INSTRUCTIONS TO FOLLOW: Only the lines from the start of the data to the line containing "É prazeroso demais", both included, should be output, exactly and without pictures.

EXERCISE DATA:
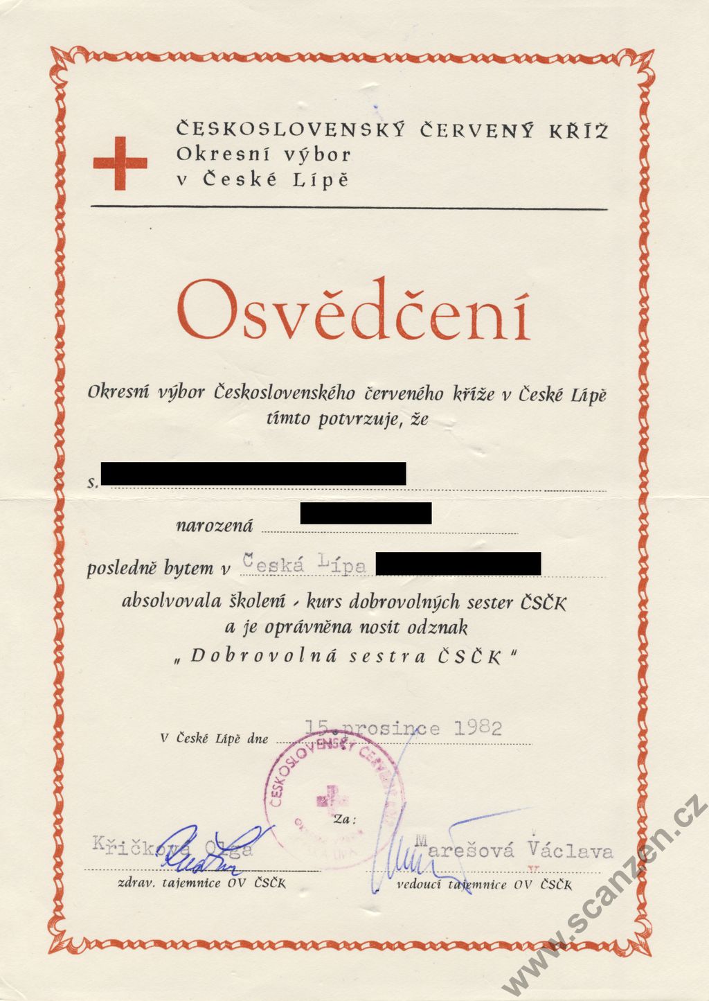 Osvědčení o absolvování kursu dobrovolných sester ČSČK (1982)
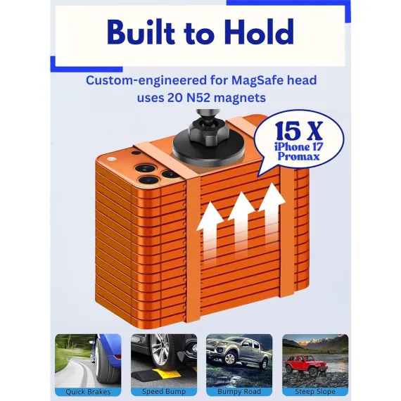 EXPERIENCE UNMATCHED MAGNETIC STRENGTH - Custom-engineered with 20-PCS N52 magnets, this cup holder phone mount keeps your phone locked in place, even on bumpy roads or off-road trips. The magnet is so strong it can hold up to 12 times the weight of an iPhone Pro Max, so your phone stays safe and steady no matter where you drive.
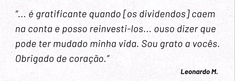 É prazeroso demais receber dividendos, você vê o dinheiro caindo na conta e vai pegando gosto pela coisa.
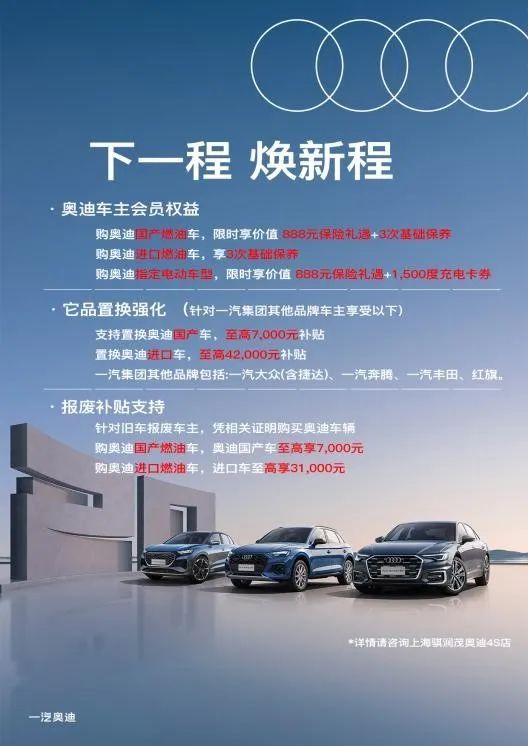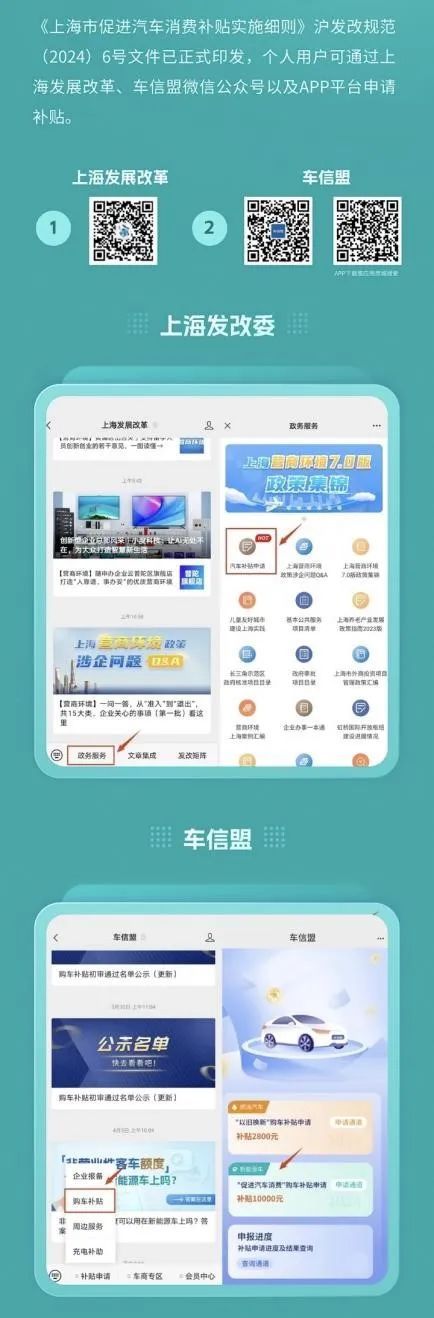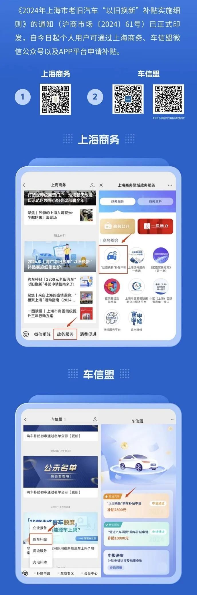 注意!注意!近期换车太划算啦! 上海市政府相关部门联合印发 《上海市促进汽车消费补贴实施细则》和《2024年上海市老旧汽车“以旧换新”补贴实施细则》 区内车企也结合“五五购物节” 纷纷推出系列购车优惠活动 消费者置换新车 最高可享“政策+活动”双重折扣 快来看看如何申请吧! 一 置换电动小客车补贴 01 补贴范围和标准 自2024年1月1日至2024年12月31日(含当日),个人用户购买纯电动小客车新车,注册使用性质为非营运,且在规定期限内报废或者转让(不含变更登记)本人名下在本市注册登记的非营业性小客车的,本市给予个人用户一次性10000元购车补贴。 02 申请时间 实施细则自2024年1月1日起施行。补贴资金申请截止日期为2025年2月28日。 03 申请流程 补贴申请须由个人用户发起。申请人可以通过个人实名账号登录“上海发展改革”等指定平台(见下图),向市发展改革委提出购车补贴申请,签署《补贴申请承诺书》。 04 咨询渠道 补贴细则原文可登录上海市发展与改革委员会官方网址查询:https://fgw.sh.gov.cn/fgw_gfxwj/20240419/1173be186cb84d9c9f41d9c35470d832.html 个人用户如需咨询本实施细则有关内容,或者查询申请办理方式、审核状态及办理结果的,可以通过指定平台查询,或者致电热线电话咨询。 二 置换燃油小客车补贴 01 补贴范围和标准 自2024年1月1日至2024年12月31日(以下日期均含当日),个人用户购买国六b排放标准的燃油小客车新车,注册使用性质为非营运的,且在规定期限内,报废或转让(不含变更登记)本人名下在本市注册登记的国五及以下排放标准非营业性燃油小客车,本市给予个人用户一次性2800元购车补贴。 02 申请时间 实施细则自2024年1月1日起施行。补贴资金申请截止日期为2025年2月28日。 03 申请流程 符合上述条件的个人用户可以通过“上海商务”微信公众号等指定平台(见下图)提交相关信息,向市商务委提出购车补贴申请,签署《补贴申请承诺书》。 04 咨询渠道 补贴细则原文可登录上海市商务委员会官方网址查询: https://sww.sh.gov.cn/zwgkgfqtzcwj/20240409/10e8a49aa1664ea6b273cd93a899815d.html 个人用户如需咨询本细则有关内容,或者查询相关申请办理方式、审核状态及办理结果的,可以通过指定平台查询,或者致电热线电话咨询。 热线电话号码: 400-820-3152 服务时间: 工作日 9:00~11:00 13:00~17:00 三 区内车企优惠活动 01 元通宝马4S店 活动时间: 自2024年5月1日至5月31日 活动内容: ●“5动上海,触手可及”上海元通宝马五一购车季,推出特价礼——30余台特价车促销,最高额外享受30000以上综合优惠; ●“55”专属礼——订购全新5系车型可享赠送价值15800装潢大礼包,终身保养权益; ● 金融礼——指定车型可享24期零利率按揭方案; ● 置换礼——旧车置换可享额外3000-10000元现金补贴; ● 试驾礼——到店试驾可领取精美礼品一份。 02 上海骐润茂汽车销售有限公司 活动时间: 自2024年5月1日至5月31日 活动内容: ● 支持置换奥迪国产车,至高7000元补贴; ● 置换奥迪进口车,至高42000元补贴 活动详细解释以企业为准。

RESPONSE TO THE EXERCISE:
 Osvědčení o absolvování kursu dobrovolných sester ČSČK (1982)
 EXPERIENCE UNMATCHED MAGNETIC STRENGTH - Custom-engineered with 20-PCS N52 magnets, this cup holder phone mount keeps your phone locked in place, even on bumpy roads or off-road trips. The magnet is so strong it can hold up to 12 times the weight of an iPhone Pro Max, so your phone stays safe and steady no matter where you drive.
 É prazeroso demais receber dividendos, você vê o dinheiro caindo na conta e vai pegando gosto pela coisa.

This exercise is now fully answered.